2DegreesInvesting / tiltIndicator

Implement the core business logic of the tilt indicators
https://2degreesinvesting.github.io/tiltIndicator/
GNU General Public License v3.0
1 stars 1 forks source link

Create script in TiltIndicator package that does quick validation on input formats #519

Closed bobresink closed 1 year ago

maurolepore commented 1 year ago

Here are some examples of how we currently handle some kinds of errors:

library(tibble)
library(dplyr, warn.conflicts = FALSE)
library(readr, warn.conflicts = FALSE)
library(tiltIndicator)
library(tiltToyData)
packageVersion("tiltIndicator")
#> [1] '0.0.0.9094'

options(readr.show_col_types = FALSE)

companies <- read_csv(toy_emissions_profile_any_companies())
products <- read_csv(toy_emissions_profile_products())

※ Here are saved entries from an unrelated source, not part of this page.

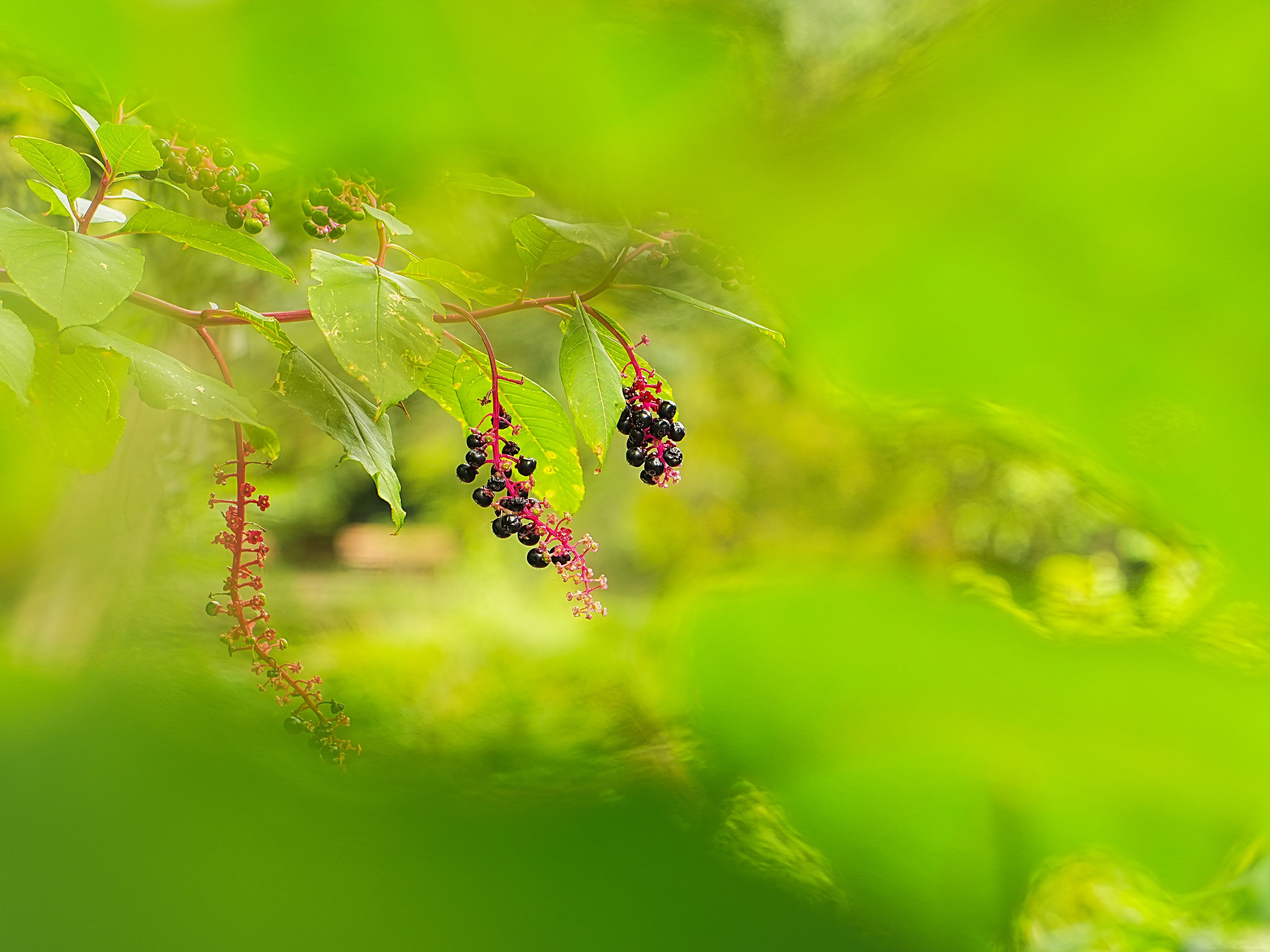 厚生労働省によると、ヨウシュヤマゴボウは果実と根に有毒成分を含み、食べると2時間ほどで腹痛や嘔吐、下痢を起こし、ついで延髄に作用し、けいれんを起こして死亡するという。果実はブルーベリーに、根はヤマゴボウに似ているため、注意が必要だ。 TAMRON 28-75mm f2.8 Di Ⅲ VXD G2 使用。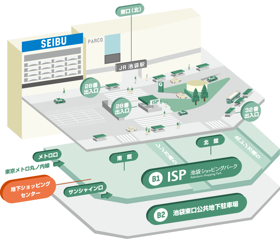 池袋西口都市計画公共地下駐車場池袋駅、池袋東武百貨店 直通。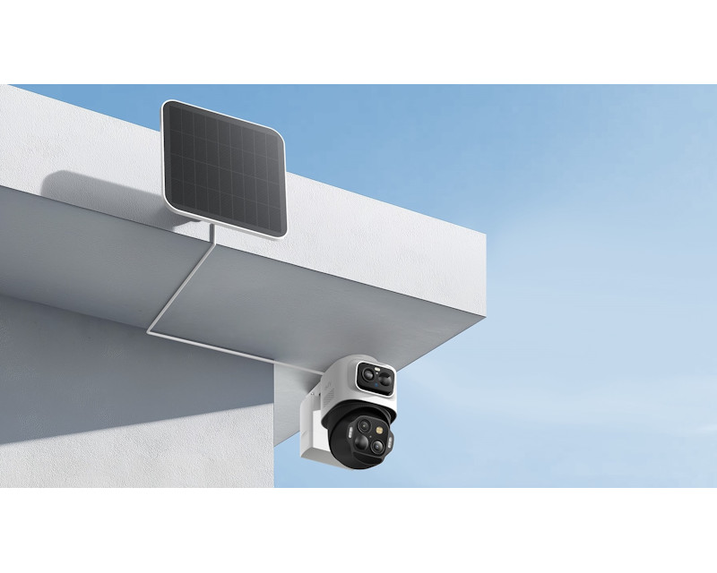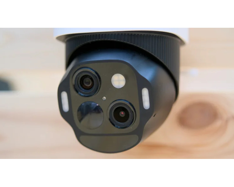 Kombinace 4K a 2K čoček: Horní 4K kamera s pevným 130° záběrem monitoruje klíčové oblasti, spodní dvojitá 2K PTZ kamera nabízí 360° panorámu, 70° náklon a 8× hybridní zoom pro detailní sledování.
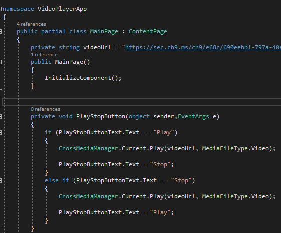 Next, open Solution Explorer >> VideoPlayerApp(PCL) >> MainPage.xaml.cs page and double-click to open its design view. The code is given below.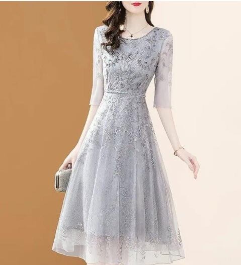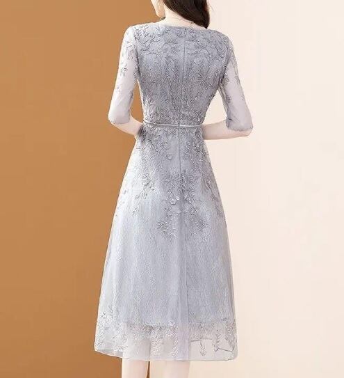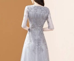 花柄立体刺繍レースミディアムドレスです。全体的に立体刺繡が施されたチュ-ルが重ねられデコルテの透け感がとても美しく大人の女性を醸し出してくれるエレガントなドレスです。デザイン性のあるスタイルがとても魅力的な一着です。全体的に優しい感じに仕上げられています。裏地有。背中ファスナ-有。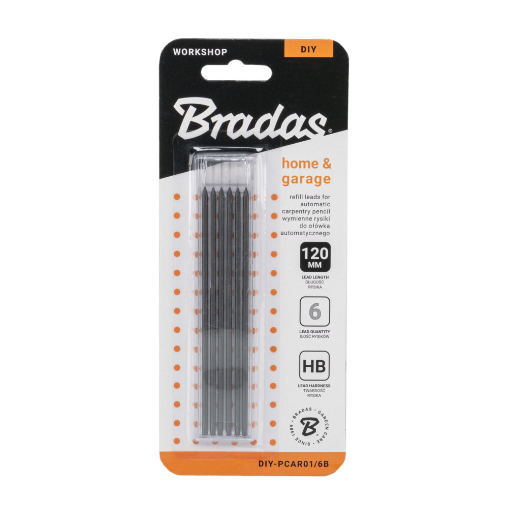 Практичний і міцний автоматичний олівець для столярних робіт довжиною 14,5 см — незамінний інструмент у роботі кожного професіонала. Завдяки міцній конструкції з АБС-пластику та металу, а також вбудованій точильці ви завжди готові до точного маркування на різних поверхнях. Ідеально підходить для отворів, щілин і кутів, куди не дотягнеться звичайний олівець.Набір стрижнів для автоматичного будівельного олівця, графіт, DIY-PCAR01/6B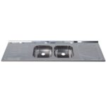 Essa pia possui 1,80 m de comprimento, 52 cm de largura e dispõe de duas cubas embutidas de acabamento polido com 46x30x11cm cada.
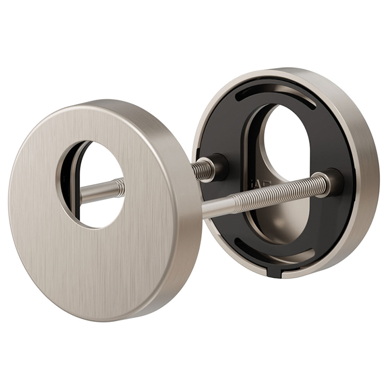 Messing matt vernickelt, Unterkonstruktion in Zink matt vernickelt mit Kunststoff-Clips, passend zu Drückerrosette 34.260 mit Rückholfeder, ohne Schrauben

If any dataset lacks crucial columns, you get an error

companies_lacks_column <- companies |> select(-company_id)
try(
  companies_lacks_column |> emissions_profile(products)
)
#> Error in map(.x, .f, ..., .progress = .progress) : ℹ In index: 1.
#> Caused by error in `check_matches_name()`:
#> ! The data lacks a column matching the pattern 'company_id'.
#> ℹ Are you using the correct data?

products_lacks_column <- products |> select(-ends_with("uuid"))
try(
  companies |> emissions_profile(products_lacks_column)
)
#> Error in left_join(companies, data, by = aka("uid"), relationship = "many-to-many") : 
#>   Join columns in `y` must be present in the data.
#> ✖ Problem with `activity_uuid_product_uuid`.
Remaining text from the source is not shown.